Devices which fly through the air are well known in the art. These range from airplanes to darts, and from rockets to boomerangs. In some cases such as model airplanes, the devices contain a power source which turns a propeller to force the device through the air. In other toys, such as gliders, the propelling force is provided by the user. Examples of the later category include:
U.S. Pat. No. 2,324,022 shows an aerial device of the boomerang type which has several arms. The blades of the device are entirely offset from the center of the assembly throughout their entire axes. The blades can be either the leading or trailing type. And the device provides a sound effect when the boomerang is in flight.
U.S. Pat. No. 3,361,988 illustrates a boomerang which has three folding blades. When the boomerang is thrown, the blades assume an in flight position wherein the blades are spaced apart by about 120°.
U.S. Pat. No. 2,972,481 discloses a rotating airfoil device which has interlocking blades. The device is fashioned from cardboard or other resilient sheet material. The device includes two blades which are mechanically interlocked, and which will not separate during flight.
U.S. Pat. No. 3,814,431 comprises a toy plastic boomerang having two interconnected wings arranged for free rotation on a vertical hollow handle with ballast therein to control the speed of descent. To propel, the user grasps one wing between the fingers so that the wings extend vertically with the handle extending laterally and throws the boomerang forward and vertically at a slight upward arc of approximately 45°.
U.S. Pat. No. 4,216,962 consists of a boomerang having a pair of elongated airfoils which are coupled together at their midsections to form a cross. Mechanism is provided for releasably coupling the midportions of the airfoils for separation under a predetermined force to normally prevent relative rotation of the airfoils.
The present invention is directed to a toy flying device (also referred to herein as an aerial device) which rotates or spins when it is thrown. The device can be used by a single user, or alternatively, by two users who throw the device back and forth. A preferred name is for the aerial device of the present invention is “TWIRLYBIRD”. The aerial device consists of a body which has three outwardly projecting vanes to which are attached,three blades or wings. When the device is thrown, the blades catch the air and cause the aerial device to spin. Changing the angle formed by the blades and body changes the flight characteristics of the aerial device. And, for storage or shipping, the aerial device may be conveniently folded so that the blades abut the body.
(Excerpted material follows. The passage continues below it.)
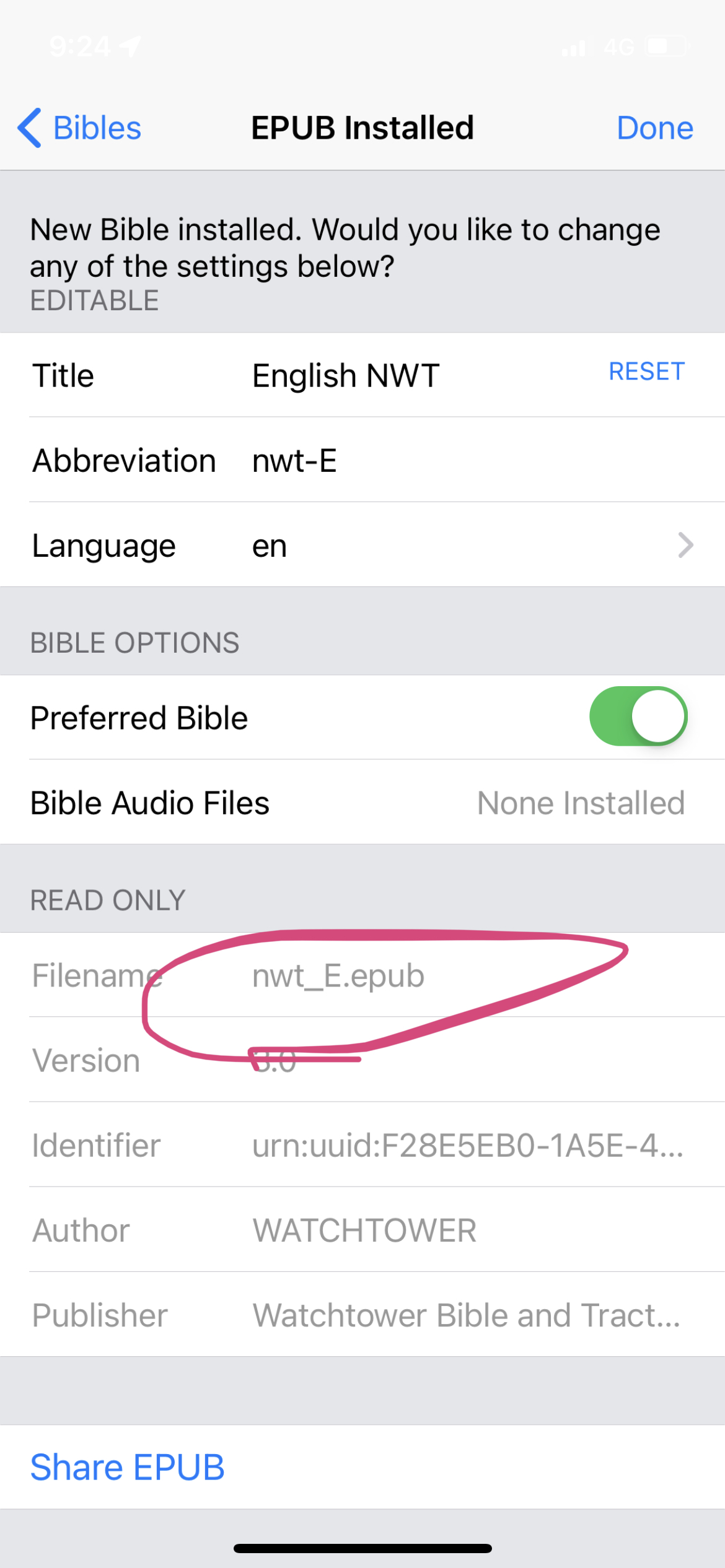 Closing this issue as it is now resolved. For others that may have this issue in the future, the problem was that the ePub was installed with the wrong file name. If you download the same file multiple times on iOS it will rename the file, adding 2, 3 etc to the end. You need to ensure that it is installed using the proper file name so that the notes match up. You can verify that it is correct in the Settings for the installed Bible as shown in the screenshot below…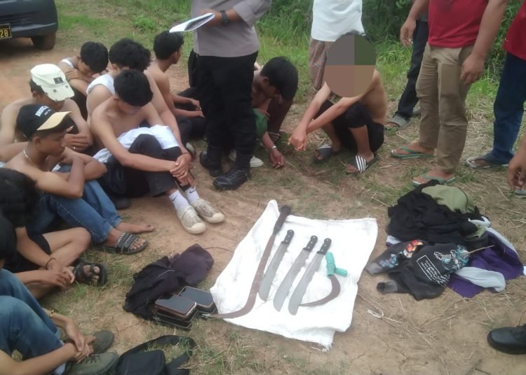 Dikatakan Kapolsek dari ke 17 pelajar ini diamankan berbagai jenis senjata tajam, diantaranya 3 bilah pedang, 1 celurit dan sabit panjang 1 buah. Selain Itu, turut diamankan 17 motor yang digunakan para pelajar.

In accordance with a preferred embodiment of the invention, an aerial device includes a weighted body having a first end and an opposite second end, the body having at least three outwardly projecting vanes located at the first end. The aerial device further includes, at least three corresponding blades, each blade pivotally connected to a vane along an axis, so that the blades may be folded against the body. Each blade is also selectively connectable to an adjacent vane, so that during flight the blade projects outwardly from the body.
In accordance with an important aspect of the invention, hook and loop fasteners are utilized to selectively connect the blade to the adjacent vane.
In accordance with an important feature of the invention, the body has three vanes and three blades, one blade being connected to each vane.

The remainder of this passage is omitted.